[Source records]
[Start of section]

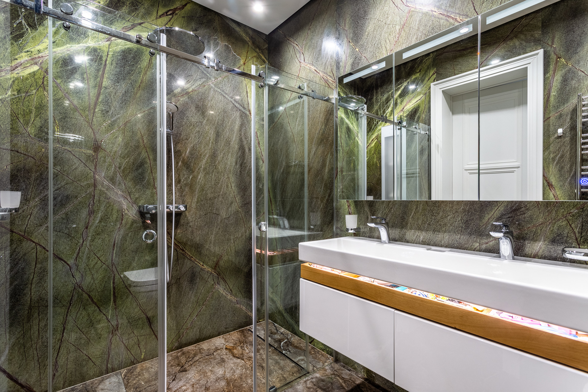 В квартире выполнен дизайнерский ремонт, кухня оборудована техникой Neff. Установлена система умный дом от Яндекса. Во всей квартире теплый пол, установлены электрические шторы.
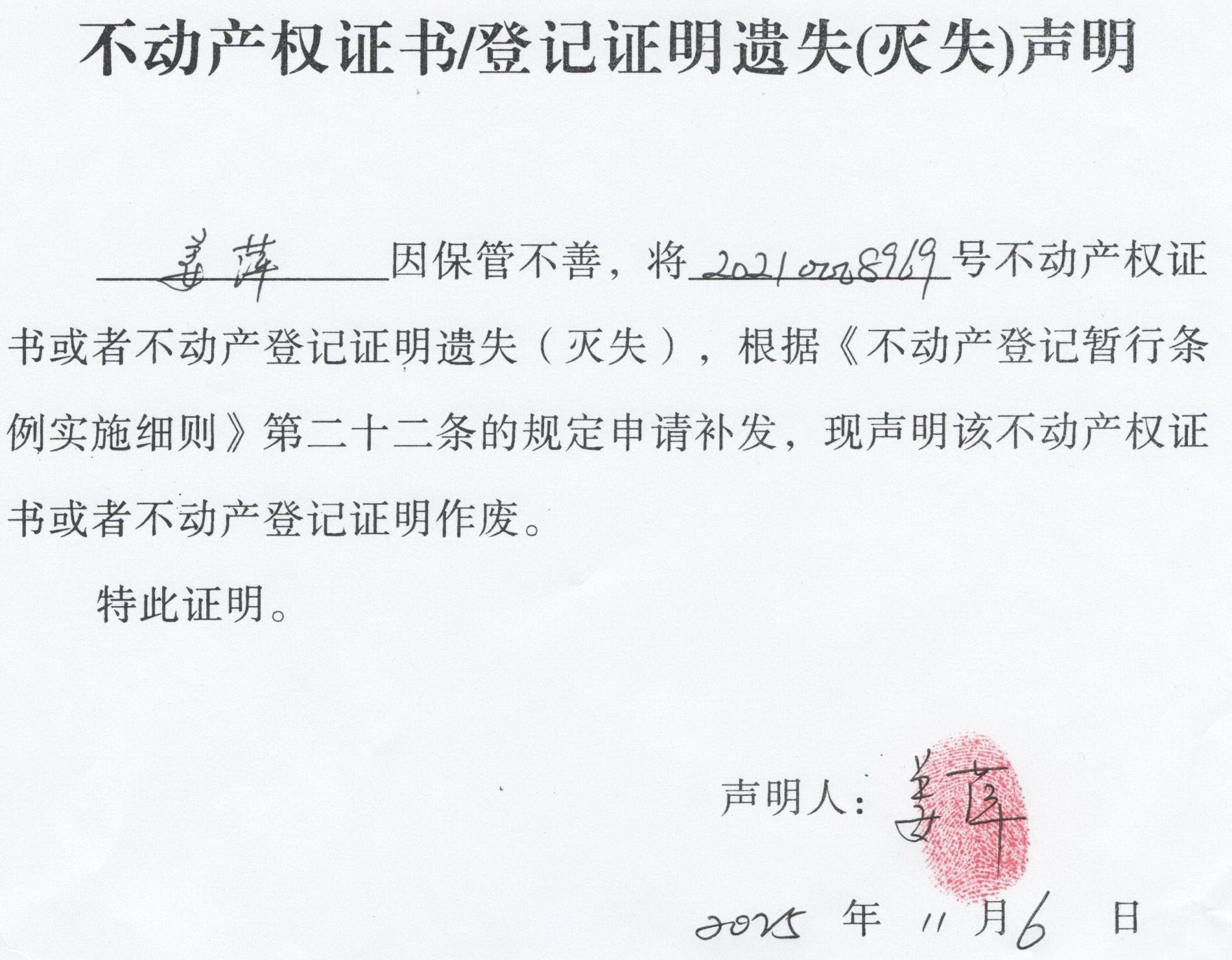 关于 姜萍 不动产权证书/登记证明 遗失(灭失)声明
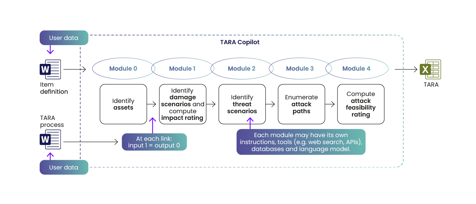 Each TARA activity is encapsulated as an independent module within the chain, forming the backbone of the system’s modular architecture. Every module leverages LLMs to generate specific TARA outputs based on defined inputs – such as the item definition, tailored instructions (i.e., prompts) and, when required, external databases. The output of each module seamlessly feeds into the subsequent one; for example, the results from the asset identification are directly utilized in the damage scenario identification module.
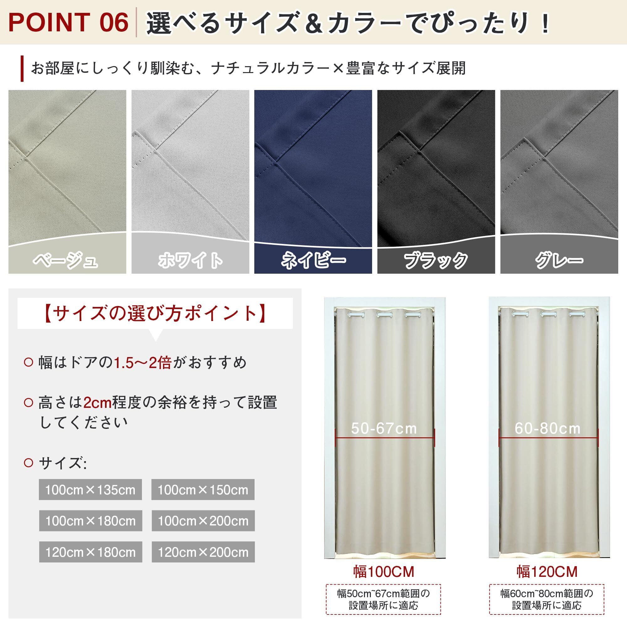 SUGOI カーテン 遮光1級 間仕切り 突っ張り棒 断熱 仕切り ハトメ型 目隠し 取付簡単 高密度 遮像 防音 防水 防カビ ドアカーテン 脱衣所 玄関 キッチン リビング対応 タイバック付き 1枚入り (ベージュ, 120*200)
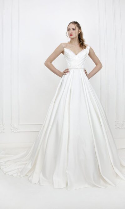 Svatební šaty bez ramínek se k nám postupně vracejí. Na chvíli totiž z módy zmizely ale pomalu a jistě jsou zpátky. Důvod toho, proč je návrháři dali na chvilku zpátky do skříně je ten, že mnoho nevěst se obávalo, že svatební šaty bez ramínek budou padat a budou tak nevěstu zlobit při tancování. Náš svatební salon Praha však vypracoval perfektní střih svatebních šatů bez ramínek díky kterým budou šaty vždy na svém místě a Vy si můžete být jistá, že Vás určitě nebudou zlobit. Kromě perfektně vypracovaného střihu používá náš svatební salon v Praze také kostice které pomohou šatům držet svůj tvar a být správně zafixované na té úrovni, na které mají být. Můžete si tak být jistá, že Vaše svatební šaty Vám nebudou sklouzávat. Konkrétně svatební šaty které Vám představujeme mají velmi krásný sexy dekolt do tvaru srdíčka který jim dodává velmi sexy a ženský vzhled. Celý tento model je vyšitý luxusní krajkou sněhově bílé barvy. Tato krajka má na sobě velmi krásné květiny které jsme mimochodem doplnili také korálky. Díky těmto korálkům se tyto svatební šaty lesknou a my tak můžeme hrdě říct, že se jedná o princeznovské svatební šaty Praha. Aby tyto svatební šaty skvěle drželi a nezlobili Vás, v zídu se zapínají na šněrovačku díky které tyto šaty skvěle stáhněte aby neklouzaly. V neposlední řadě podotkneme také to, že jsme zvolili pro tyto svatební šaty krásnou tradiční bílou barvu jelikož jsme chtěli, aby tyto svatební šaty vypadaly opravdu velmi klasický a tradičně přesně tak, jako kdyby byly z filmu. Tento tvar do V vám také siluetu opticky prodlouží. Ano jak jste si již určitě všimla, u těchto svatebních šatů jsme udělali vše proto, aby jste se v nich cítila jako královna a šaty Vás dělali ještě krásnější. Budete opravdu nádherná nevěsta.

[End of section]

[Exercise goal] Please output all the records above exactly, leaving out every picture.

[Finished task]
 В квартире выполнен дизайнерский ремонт, кухня оборудована техникой Neff. Установлена система умный дом от Яндекса. Во всей квартире теплый пол, установлены электрические шторы.
 关于 姜萍 不动产权证书/登记证明 遗失(灭失)声明
 Each TARA activity is encapsulated as an independent module within the chain, forming the backbone of the system’s modular architecture. Every module leverages LLMs to generate specific TARA outputs based on defined inputs – such as the item definition, tailored instructions (i.e., prompts) and, when required, external databases. The output of each module seamlessly feeds into the subsequent one; for example, the results from the asset identification are directly utilized in the damage scenario identification module.
 SUGOI カーテン 遮光1級 間仕切り 突っ張り棒 断熱 仕切り ハトメ型 目隠し 取付簡単 高密度 遮像 防音 防水 防カビ ドアカーテン 脱衣所 玄関 キッチン リビング対応 タイバック付き 1枚入り (ベージュ, 120*200)
 Svatební šaty bez ramínek se k nám postupně vracejí. Na chvíli totiž z módy zmizely ale pomalu a jistě jsou zpátky. Důvod toho, proč je návrháři dali na chvilku zpátky do skříně je ten, že mnoho nevěst se obávalo, že svatební šaty bez ramínek budou padat a budou tak nevěstu zlobit při tancování. Náš svatební salon Praha však vypracoval perfektní střih svatebních šatů bez ramínek díky kterým budou šaty vždy na svém místě a Vy si můžete být jistá, že Vás určitě nebudou zlobit. Kromě perfektně vypracovaného střihu používá náš svatební salon v Praze také kostice které pomohou šatům držet svůj tvar a být správně zafixované na té úrovni, na které mají být. Můžete si tak být jistá, že Vaše svatební šaty Vám nebudou sklouzávat. Konkrétně svatební šaty které Vám představujeme mají velmi krásný sexy dekolt do tvaru srdíčka který jim dodává velmi sexy a ženský vzhled. Celý tento model je vyšitý luxusní krajkou sněhově bílé barvy. Tato krajka má na sobě velmi krásné květiny které jsme mimochodem doplnili také korálky. Díky těmto korálkům se tyto svatební šaty lesknou a my tak můžeme hrdě říct, že se jedná o princeznovské svatební šaty Praha. Aby tyto svatební šaty skvěle drželi a nezlobili Vás, v zídu se zapínají na šněrovačku díky které tyto šaty skvěle stáhněte aby neklouzaly. V neposlední řadě podotkneme také to, že jsme zvolili pro tyto svatební šaty krásnou tradiční bílou barvu jelikož jsme chtěli, aby tyto svatební šaty vypadaly opravdu velmi klasický a tradičně přesně tak, jako kdyby byly z filmu. Tento tvar do V vám také siluetu opticky prodlouží. Ano jak jste si již určitě všimla, u těchto svatebních šatů jsme udělali vše proto, aby jste se v nich cítila jako královna a šaty Vás dělali ještě krásnější. Budete opravdu nádherná nevěsta.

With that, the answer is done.